Damn bro that was one hell of an elaboration. I can see truth to that, but I would give a test run to some midgrade 1st to see how it reacts. U must be smokin some good shit to get into that so passionatly bro NO 2 SODIUM!


----------



## Little Tommy (May 17, 2010)

The whole idea behind the vapor lock on top of the jug is to keep out harmful microbes that can kill the yeast.


----------



## bladezilla (Sep 25, 2010)

K.I.S.S CO2

What I did works fine and it's simple. I took a 5 gallon plastic water jug (office cooler type) and filled it about 25% full of lukewarm water, added about 2 cups of sugar and a couple teaspones of bakers yeast. I took a small hypodermic needle and stuck it through the plasic jug, put a sealant around it and ran a tube from the needle into a jug of water (mostly just to see how much CO2 was being produced). It produces about one bubble every second. I bought a bag of round ballons and stretch a ballon over the top. This is an air seal and also acts as a preasure regulator. If the balloon is standing up it's making CO2. If I give it a shake it bubbles like mad and the balloon gets much bigger.
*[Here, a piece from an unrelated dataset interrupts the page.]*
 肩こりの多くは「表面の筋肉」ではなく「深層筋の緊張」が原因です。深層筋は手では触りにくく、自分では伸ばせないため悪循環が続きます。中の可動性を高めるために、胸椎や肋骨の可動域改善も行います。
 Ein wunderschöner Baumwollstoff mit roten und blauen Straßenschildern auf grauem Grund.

When the CO2 production subsids I add another half gallon of water and another cup of sugar and shake. So far it's been producing CO2 right along. I have no idea what concentrations I'm getting but it certainly better than nothing and the plants seem to like it.
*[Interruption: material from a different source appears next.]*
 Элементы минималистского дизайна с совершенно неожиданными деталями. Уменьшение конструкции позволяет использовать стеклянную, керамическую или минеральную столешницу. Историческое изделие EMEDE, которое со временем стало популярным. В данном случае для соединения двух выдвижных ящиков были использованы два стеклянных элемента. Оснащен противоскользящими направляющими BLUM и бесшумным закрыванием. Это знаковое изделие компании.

Heres a pic from yesterday and one from 9 days ago
















Here is the same plant above less than two days later.
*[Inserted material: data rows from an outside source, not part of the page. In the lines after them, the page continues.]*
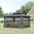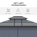 10' x 12' Hardtop Gazebo Canopy with Polycarbonate Roof, Aluminum Frame, Permanent Pavilion Outdoor Gazebo with Netting, for Patio, Garden, Backyard, Deck, Lawn, Black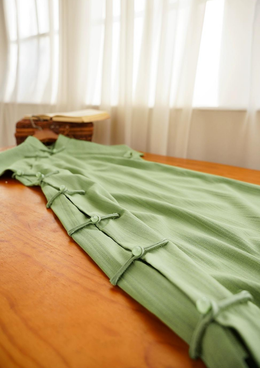 Made from a cotton and linen blend, you will stay cool and comfortable even during the warmest days. Whether you're enjoying an afternoon coffee run or grabbing lunch with friends, the Jue Lei 蕨类 Fern Qipao is sure to give you an elegant aura.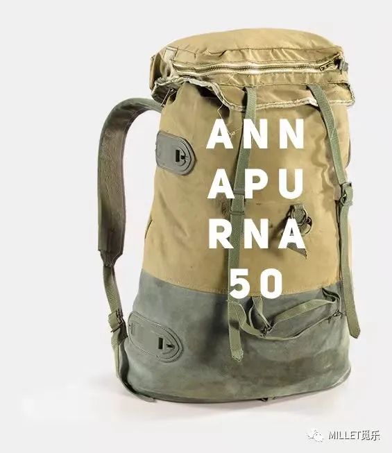 1950年6月3日,法国的两位登山家(Louis Lachenal 与Maurice Herzog),背着MILLET觅乐的Annapurna 50登山包,在未使用辅助氧气的情况下,登顶安纳普尔纳I峰(8091m),这是人类首次登上8000米级山峰。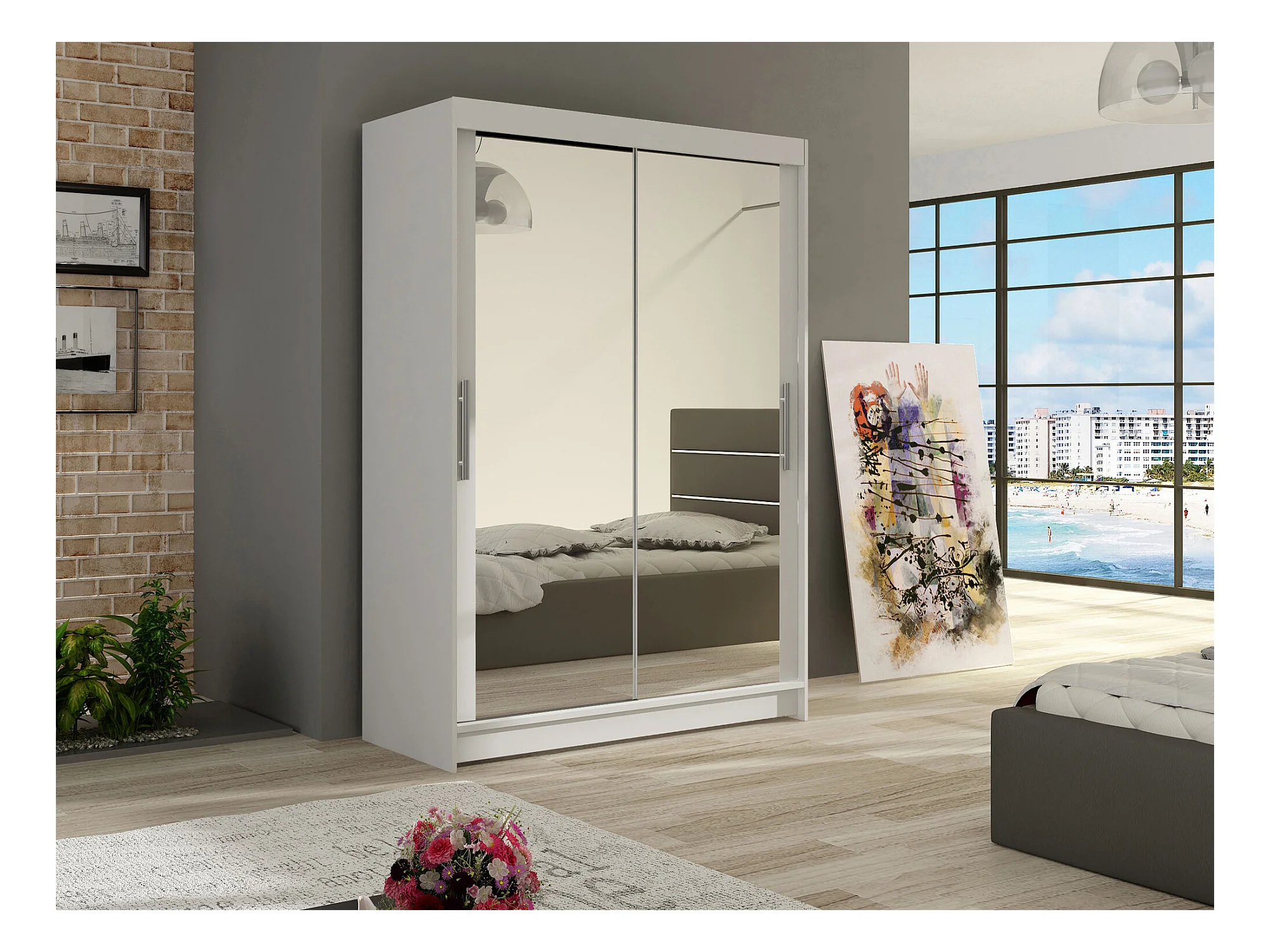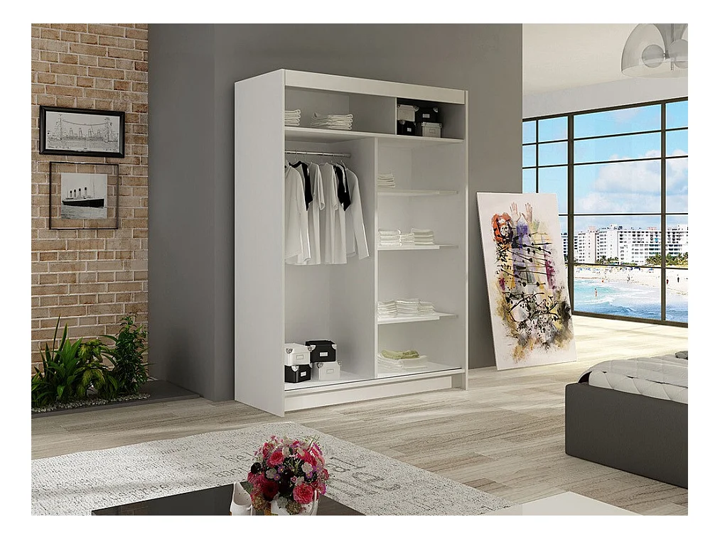 Armoire Closico 129, Blanc, 200x120x58cm, Portes d'armoire: Coulissantes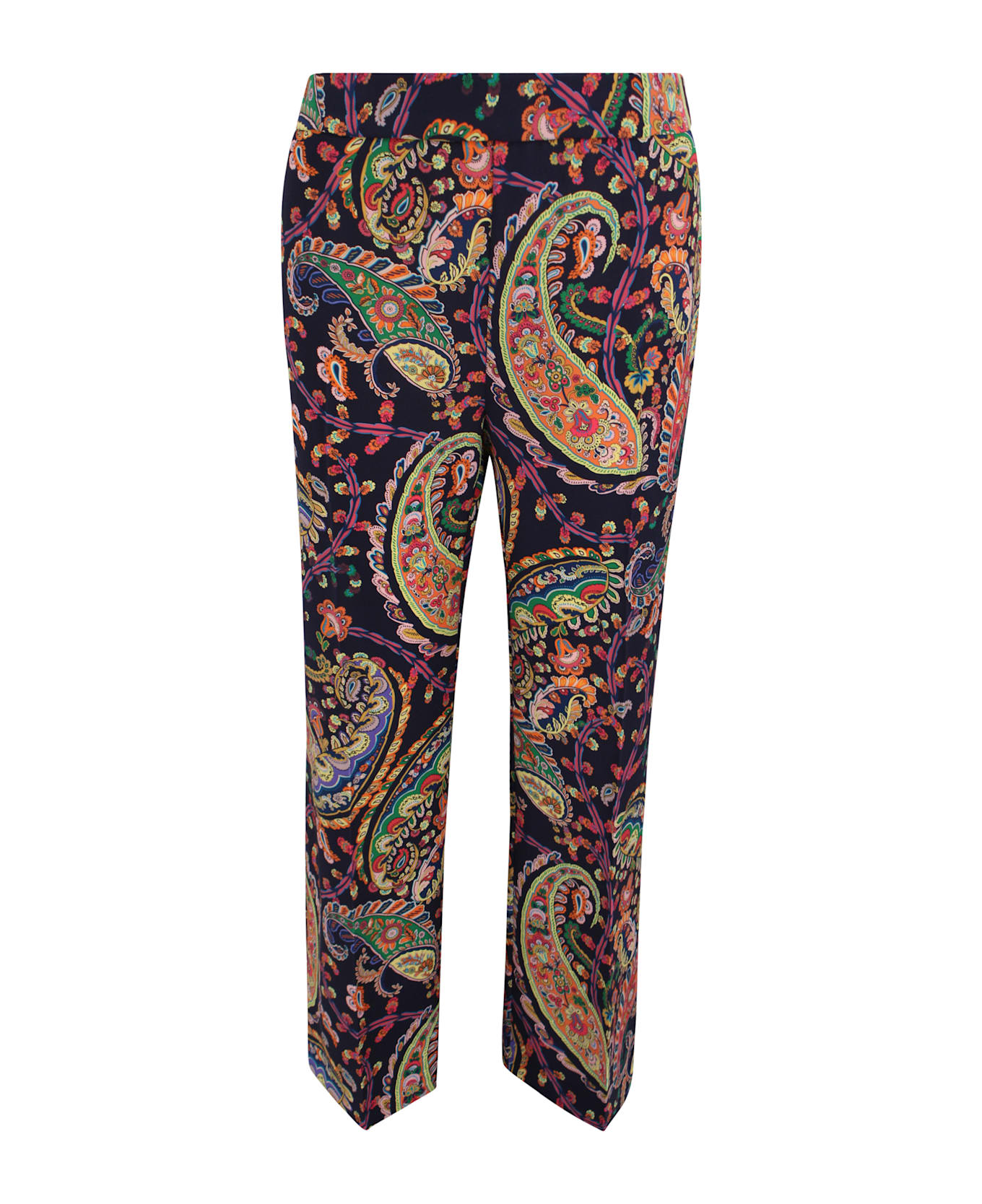 Features Color: dark blue Paisley pattern Floral print Bootcut flare Stretch fabric Origin: Italy

I can't wait until the really start growing.


----------



## coreymillia (Oct 2, 2010)

Yeah I know its been a year since anyone has posted anything here but a CO2 generator is a gas burning carbon dioxide generator. Now some jack ass decides to call his hootch setup a generator, as people have been doing making wine for how long. So not that it matters, but here in colorado we have a bunch of idiots attempting to grow medical cannabis, and they are spreading poor information, bugs and diseases. So I was here because I am going through a tank every 4 days keeping the ppm at 1500. And its to hot to run my generator. I thought Id try to find out the sugar/yeast ratio, and I see people calling this a generator. Giving no thought to the people who may be trying to search google for information on real generators, then being linked to this shit. So you cheap ass fuckers want to play with co2 try a tank AND monitor! otherwise just go breath on them... I will post again on what the ppm is in a room roughly 10 x 10 with BREWING the co2. at about 2 cups sug and a tsp yeast per gallon, pretty sure Im gonna want to up to a 5 gallon.


----------



## edensundies (Jun 30, 2011)

Hi, just wanna know where you bought the release bulb on your fermentation setup, the one on top that looks like a plastic thingy( transparent)


----------



## Tennis1 (Jun 30, 2011)

I've been doing this now (thanks to you) for the last 3 weeks of which have been in the middle to end of flower and feel like its been an overall improvement. My buds seem tighter and larger than they were headed 3 weeks ago. Yesterday, I had to turn the air conditioner off. I forgot about it and 2 hrs later it was 105 degrees in the room and the plants were acting as if nothing was happening. Cool its working. I just use the "Piss Jug" technique. Water, shit load of cane sugar, and 2tbs yeast. got 4 jugs in a 4x8x6 room.


----------



## [email protected] (Aug 23, 2011)

Anonymous said:


> Baking soda/acid is a good system, but it is ultimately fairly expensive. Furthermore, you also release acetate ions/salts, as well as other volatiles from the vinegar (which is not a pure solution of acetic acid, of course). They prolly won't kill your plants, though they might. Instead they will likely make it smell or taste bad.
> 
> What is a better way to get your carbon dioxide? Fermentation. Acquire some brewer's yeast if you can. The types of yeast you can use are in order of what is best, though all are acceptable:
> 
> ...


Thank you, Thank you, THANK YOU! Ive been wanting a cheap easy way to supplement CO2 for my plants and this is absolutely perfect. So would it be best to make one big fermenting vessel with several tubes going to each plant or is it better to make smaller individual vessels for each plant? It would seem easier and more practical to make one big one though. I'm the kind of learner that dose best if I have a visual reference so if possible could you please post some pictures showing the vessels, air lock, tubes and how they connect? I would be very grateful. Thanks again and stay green.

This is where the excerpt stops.